The Chicago Public School system’s plan for a gay-friendly high school are on hold for at least a year, and I have mixed feelings about the whole situation. It seems the people leading the effort to start the school were pressured to remove almost all the gayness from their original proposal, which led to disagreement within the committee on how much the language should be watered down. Unable to find an immediate compromise, the team decided to wait until next year to revise and submit the proposal. Here are a few of the specifics from the Sun-Times:
They changed the name of the school from the High School for Social Justice Pride Campus to the Social Justice Solidarity High School. They removed language saying the school would address the “needs of the underserved population of Lesbian, Gay, Bisexual, Transgender and Questioning youth and their Allies (LGBTQA)” in favor of language that said the school would address “city-wide concerns over violence, bullying and harassment.”
Other references to gays were stripped from the description of the school’s social studies and fine arts curriculum, but kept as part of its literature component. The revised plan also kept a planned “GLBTQ Studies” elective.
Obviously the concept of a gay-friendly high school brings up a lot of controversial questions. Doesn’t everyone get teased? Aren’t we discouraging tolerance by making schools less diverse? Don’t all kids need to learn how to cope with teasing? And most importantly, what will happen to the theater and choir programs at non-magnet schools when all the gays disappear?
I think all the concerns about gay-friendly magnet schools are completely legit.

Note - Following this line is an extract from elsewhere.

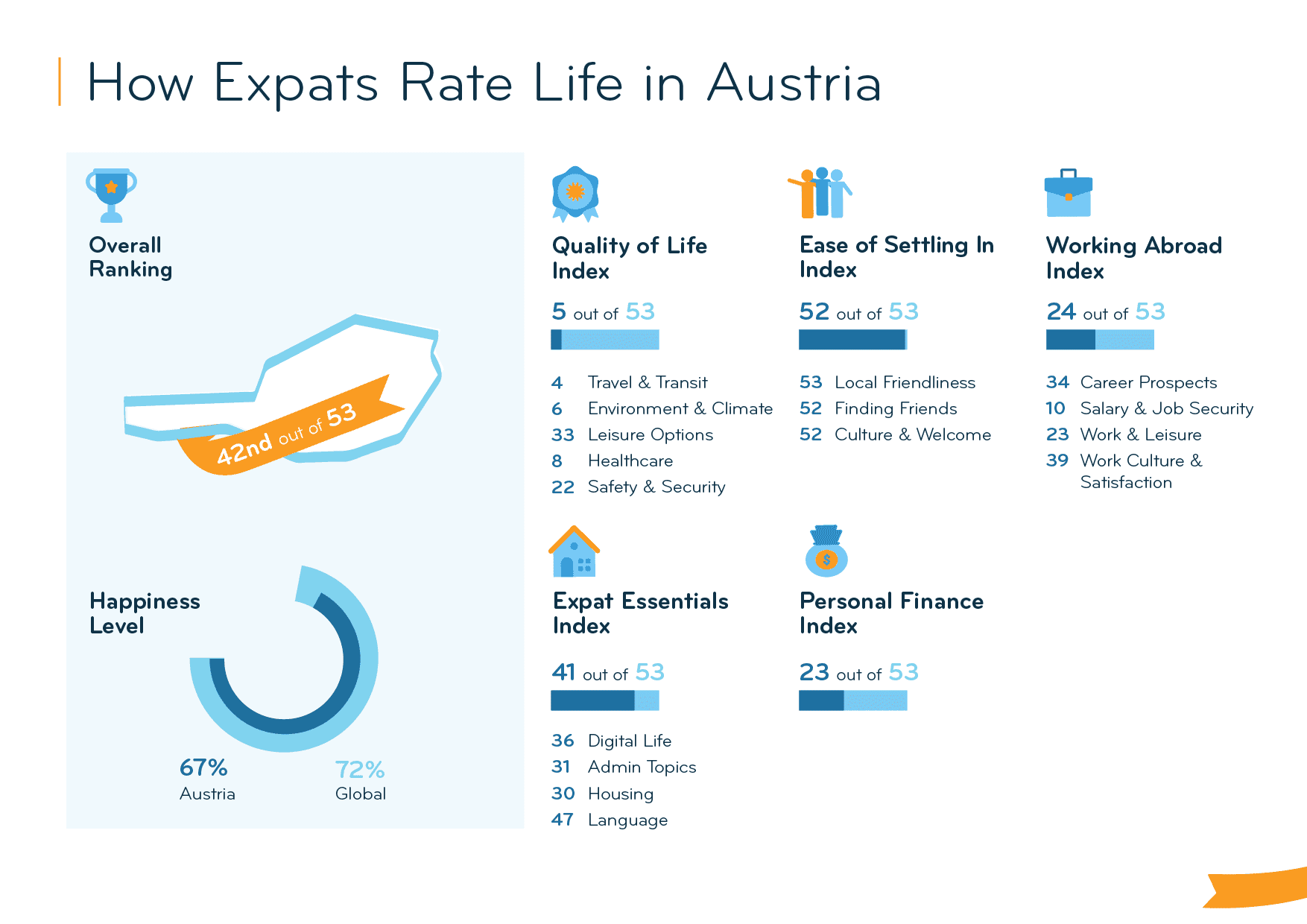 Austria comes 42nd out of 53 destinations in the Expat Insider 2023 survey, making it into both the top and bottom 10 worldwide. It is among the countries offering the best Quality of Life (5th) but is one of the worst for the Ease of Settling In (52nd) as an expat. While it ranks only slightly better in the Expat Essentials Index (44th), it comes 24th for Working Abroad and 23rd for Personal Finance. Overall, 67% are happy with their life in Austria, compared to 72% globally.

I understand why many people feel that this is not the solution to harassment and bullying problems in public schools. However, as a magnet-school alum, my own experience makes it impossible for me to be objective on this.
I’ve been setting off people’s gaydar since I was five and I spent my formative years attending a public school in a small, über-Baptist town in Alabama. I wasn’t just teased—I was terrorized. From middle school through sophomore year, I went to great lengths to avoid having the shit beaten out of me on a regular basis. I searched my school handbook for every loophole that might get me out of gym class and I took every honors course I could. Still, I couldn’t avoid the cafeteria, and when kids would throw food in my hair day after day, I got really good at pretending it was just a recurring accident. I couldn’t avoid shared hallways, but I did learn to avoid the areas that no teachers watched over. I couldn’t avoid going to my locker, but I did learn to access it in record time while keeping an eye out for the latest guy who had threatened to kick my ass.

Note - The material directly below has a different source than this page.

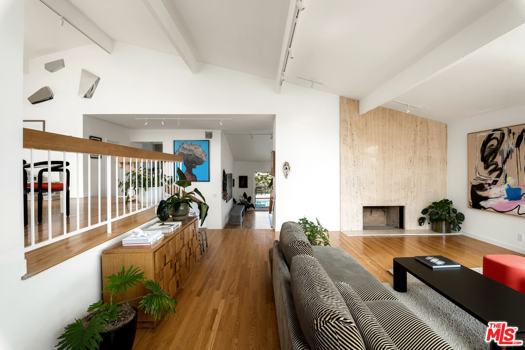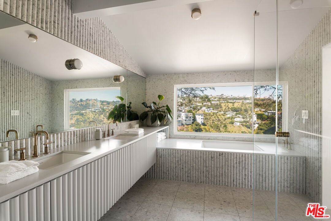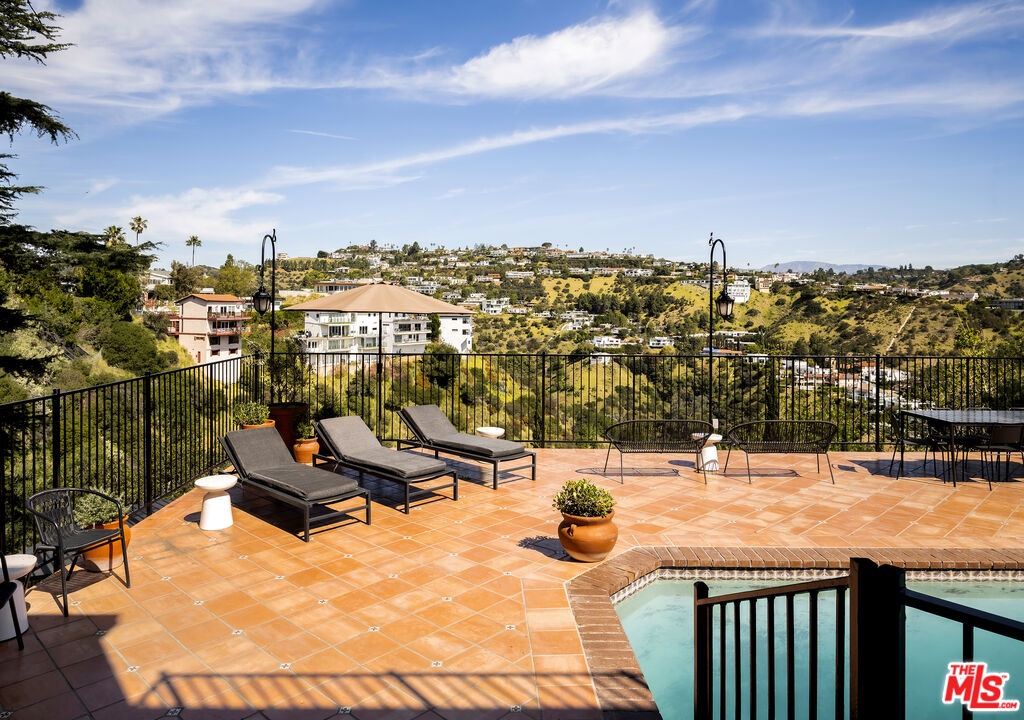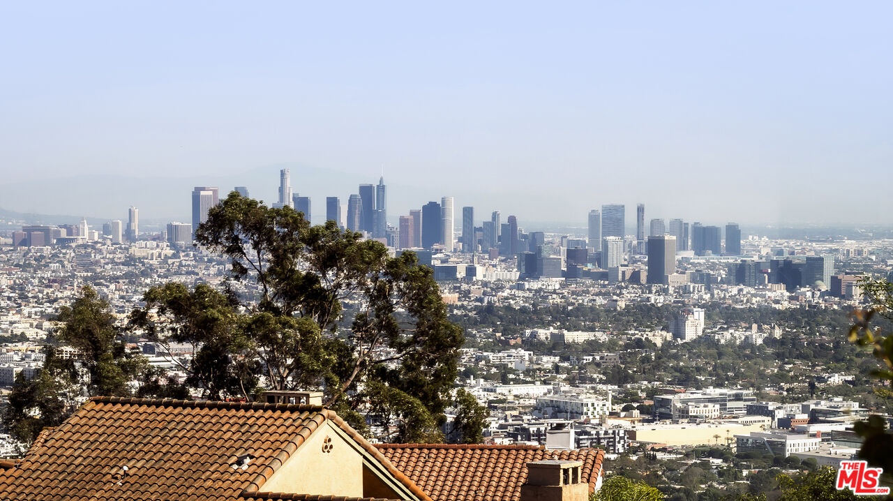 This nearly 4,000-square-foot Hollywood Hills retreat sits just above the Chateau Marmont with sweeping downtown skyline views from the front and expansive canyon views from the back. Tucked away on a quiet cul-de-sac just a three-minute drive to the Sunset Strip, the home offers rare privacy, all-day sunlight, a large pool, and an expansive entertaining deck - highly unusual at this price point. Completely redone through a multi-million-dollar designer renovation, the interiors feature Italian terrazzo, Kelly Wearstler tile and lighting, a lacquered Aran Cucine kitchen crafted in Italy with Miele appliances, Ann Sacks tile, and Nero Marquina marble countertops from Spain. Additional upgrades include custom cabinetry throughout, multi-function smart toilets with bidets, solid wood interior doors, and a custom walk-in closet in the primary suite. The light-filled main house features soaring ceilings, three huge bedrooms and two and a half baths, a grand eat-in kitchen with island, a spacious den/TV room, and a striking living room - both with fireplaces and commanding views - along with a formal dining room overlooking city lights. A completely private ADU, currently configured as an office and gym, includes a remodeled kitchenette, bath with steam shower, hardwood floors, and a wraparound deck with canyon views. It has previously generated rental income. Beautifully landscaped and professionally lit, the property also features an upgraded electrical panel supporting two EV fast chargers in the two-car garage. Located in an area experiencing significant investment - with several recent sales over $20M and multiple large-scale projects underway - this is a rare opportunity to own a fully renovated home on one of the Hills' quietest streets, known for some of the most spectacular views in the city. A turnkey offering with huge views, chic interiors, and significant upside potential.

My house was the last stop on a 45-minute bus route that went through multiple trailer parks. I was usually able to create a buffer between me and the deer-hunting, mullet-sporting guys who hated my faggy guts. I had enough female friends on the bus to keep the bullies a few seats away, but I couldn’t afford for any of them to be out sick. Even a small hole in my fortification could free up a place for the enemy in an adjacent seat.
At the start of my junior year, I made my escape to a magnet boarding school. While the school had no gay-friendly mission statement, it was full of nerdy misfits from around the state. That campus was my own little Israel—a five-acre reparation for the Holocaust that was my public-school education. (Except in the Jewish Holocaust, people were deprived of food and forced to perform manual labor for the very people who hated them, while I was deprived of rigorous foreign-language courses and pressured to go to Wednesday night bible study at the First Baptist Church.)
In the end, I think it’s wise for Chicago’s gay-friendly high school to broaden its mission. A magnet school focused on creating a safe, supportive learning environment through tolerance is something I can wholeheartedly support. In the end, I realize that might not make it much different from most other magnet schools. But I’m o.k. with that because I believe in the importance of magnet schools in general. I know first-hand that magnets can serve as incubators for innovative approaches to education, where the staff are able test experimental policies and new teaching strategies that could prove useful in other schools once they’re refined.
I believe there isn’t a one-size-fits-all solution to the problems that currently plague public schools. Different students have different needs that specialized schools are better equipped to address. I’d love to see all schools adopt zero-tolerance policies on bullying and affirm in writing that they do not allow discrimination or harassment on the basis of sexual orientation. But in the mean time, there are kids who face serious challenges if they’re forced to remain in their current schools—and I’m not just talking about the kids who face the serious challenge of an atomic wedgie or a lemon swirly. I’m talking about kids who might drop out or kill themselves because they feel completely alone or fear for their safety. I’m talking about kids who will struggle to accept themselves for years or decades because they never heard they might be fine just the way they are.
I don’t believe that these kids need to suffer because it builds character and prepares them for the real world. (In the real world, my boss doesn’t pull my pants down at a meeting and write butt pirate on my forehead with a Sharpie.) At the same time, I don’t think it’s necessary to create a school just for gay kids, and I realize that even a school for gay kids can’t protect children from the social traumas of adolescence. However, I do think school shouldn’t make anyone want to die. For now, I think magnet schools offer the most immediate solution to ensure that kids don’t fall through the cracks because they don’t fit in. Of course, I’m also open to subsidizing gangs of teenage drag-queens who offer protection in exchange for sequins and acrylic nails.